Tuesday, October 6, 2015

EU's Highest Court Invalidates EU-US Safe Harbor

Once again Europe challenges US privacy laws.  Today, the Court of Justice of the European Union invalidated a EU-US pact that allowed for easy data transfers from the EU into the US.  The decision will put more pressure on the US to tighten up its privacy laws. Privacy is a basic human right in the EU while most US states are still struggling to prohibit employers and schools from demanding passwords to employees'/students' social media accounts.  In light of this latest Court decision, American companies such as Facebook and Google will have to restructure how they collect, use and store personal data collected from Europe.

Austrian graduate student brought that lawsuit. It alleged that the Europeans’ personal data is unsafe in the US because the law of that country inadequately protects it and the US Gov’t likes to spy on people’s personal information.  In particular mass surveillance under NSA’s PRISM program raised serious concerns.  U.S. intelligence services were able to access people’s personal information in the databases of Facebook and other tech giants. The lawsuit claims mass surveillance by US authorities violates Europeans’ fundamental rights.

So, the Court of Justice of the European Union ruled that the EU-US Safe Harbor agreement on the transfer of personal data is invalid. The Safe Harbor agreement had been in place since 2000. What was the agreement for?

EU law requires that companies exporting European citizens' personal data can only do that to countries providing a similar level of legal protection for that data. The Safe Harbor was the agreement that certified that the US provided adequate protection. It was, thus, easy for thousands of US companies to transfer data from the EU to US. All they had to do was to self-certify that they comply with the acceptable privacy principles. More than 5,000 US companies took advantage of the convenient Safe Harbor arrangement to facilitate data transfers.

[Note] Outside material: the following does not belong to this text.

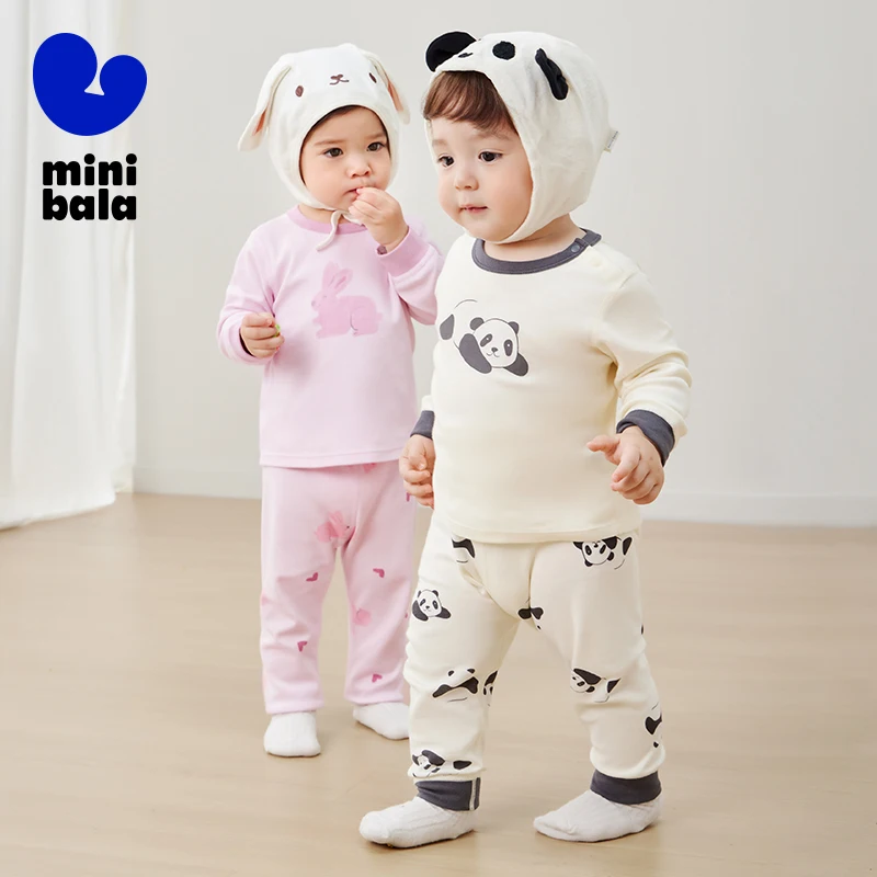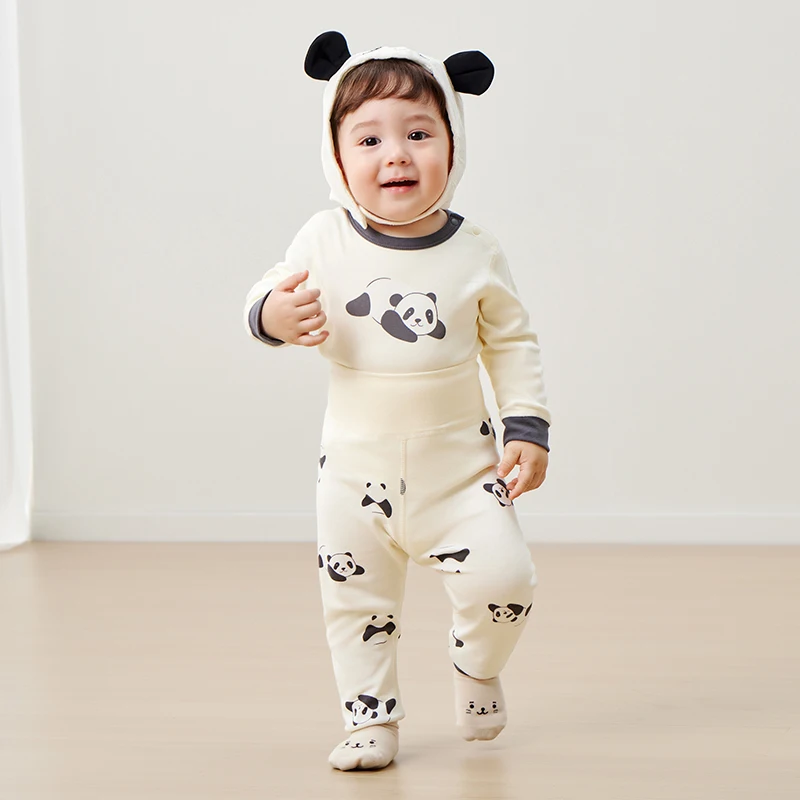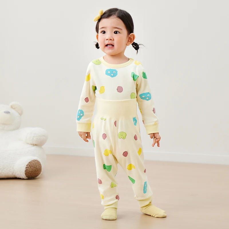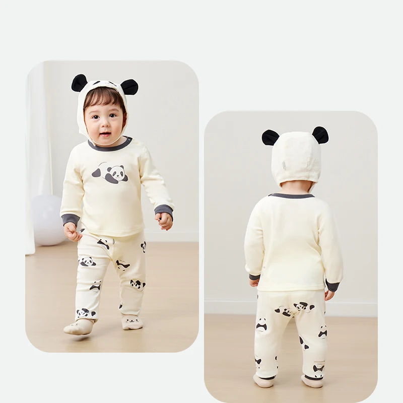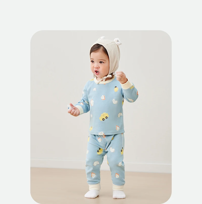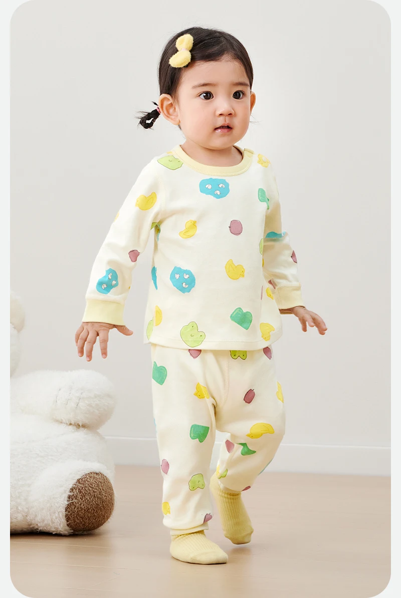 طقم ملابس داخلية حرارية صغيرة من القطن الخالص للأولاد والبنات 2025 نسخة ربيع جديدة بيجامات للأطفال

But now that the Safe Harbor is invalid, Europeans’ personal data can no longer be transferred to US businesses solely on the basis of the Safe Harbor certification. Instead, to authorize data transfer, the parties have to rely on other methods such as the "model contract clauses", which set out the US business’s privacy practices and obligations. That would, of course, be inconvenient and will create lots more administrative work for the US companies.

The decision will put more pressure on the US to tighten up its privacy laws. The US and EU have been negotiating to update the Safe Harbor agreement for almost two years already but it’s still unclear whether the parties are close to concluding the deal.